▶ MATERIAL TO PROCESS
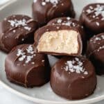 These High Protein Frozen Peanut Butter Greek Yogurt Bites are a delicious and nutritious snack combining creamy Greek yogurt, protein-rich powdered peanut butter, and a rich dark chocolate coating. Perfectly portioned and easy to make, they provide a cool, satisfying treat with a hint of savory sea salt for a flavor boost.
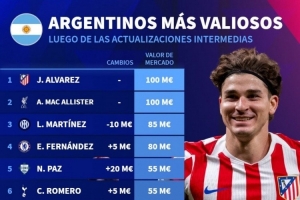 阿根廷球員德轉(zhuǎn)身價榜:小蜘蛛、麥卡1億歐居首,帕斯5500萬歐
* * *
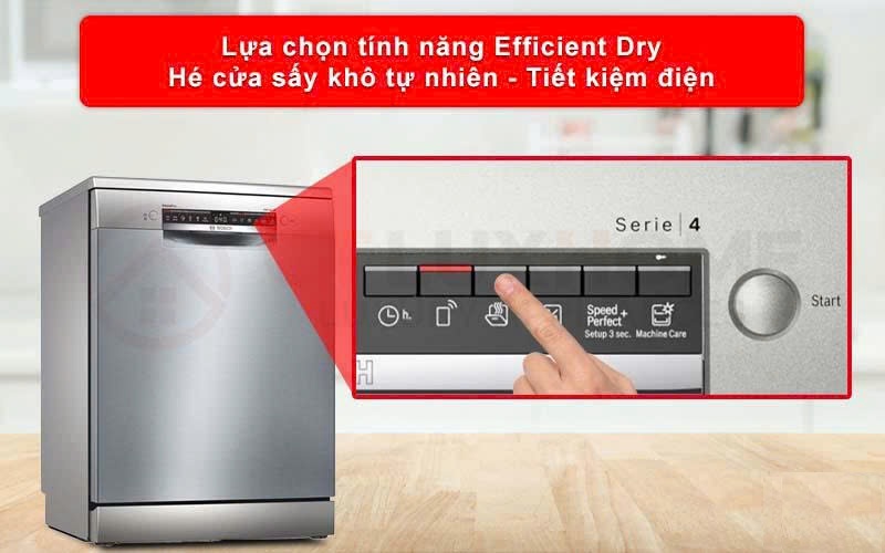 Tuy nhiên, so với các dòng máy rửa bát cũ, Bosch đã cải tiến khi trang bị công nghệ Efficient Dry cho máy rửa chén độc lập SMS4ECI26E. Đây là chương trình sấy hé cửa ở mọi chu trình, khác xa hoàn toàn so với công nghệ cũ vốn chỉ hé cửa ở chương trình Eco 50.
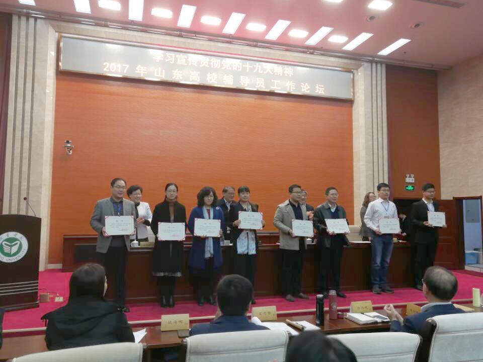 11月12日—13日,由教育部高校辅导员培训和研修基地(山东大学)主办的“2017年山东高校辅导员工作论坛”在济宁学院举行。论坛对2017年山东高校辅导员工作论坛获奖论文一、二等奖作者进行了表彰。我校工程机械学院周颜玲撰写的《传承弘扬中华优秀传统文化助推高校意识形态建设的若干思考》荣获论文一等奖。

▶ WHAT YOU ARE ASKED TO DO
Going by the data above, give back only the lines from the one containing "Tuy nhiên, so" through the one containing "11月12日—13日,由教育", exactly as they stand, both ends included and no images.

▶ FINAL ANSWER
 Tuy nhiên, so với các dòng máy rửa bát cũ, Bosch đã cải tiến khi trang bị công nghệ Efficient Dry cho máy rửa chén độc lập SMS4ECI26E. Đây là chương trình sấy hé cửa ở mọi chu trình, khác xa hoàn toàn so với công nghệ cũ vốn chỉ hé cửa ở chương trình Eco 50.
 11月12日—13日,由教育部高校辅导员培训和研修基地(山东大学)主办的“2017年山东高校辅导员工作论坛”在济宁学院举行。论坛对2017年山东高校辅导员工作论坛获奖论文一、二等奖作者进行了表彰。我校工程机械学院周颜玲撰写的《传承弘扬中华优秀传统文化助推高校意识形态建设的若干思考》荣获论文一等奖。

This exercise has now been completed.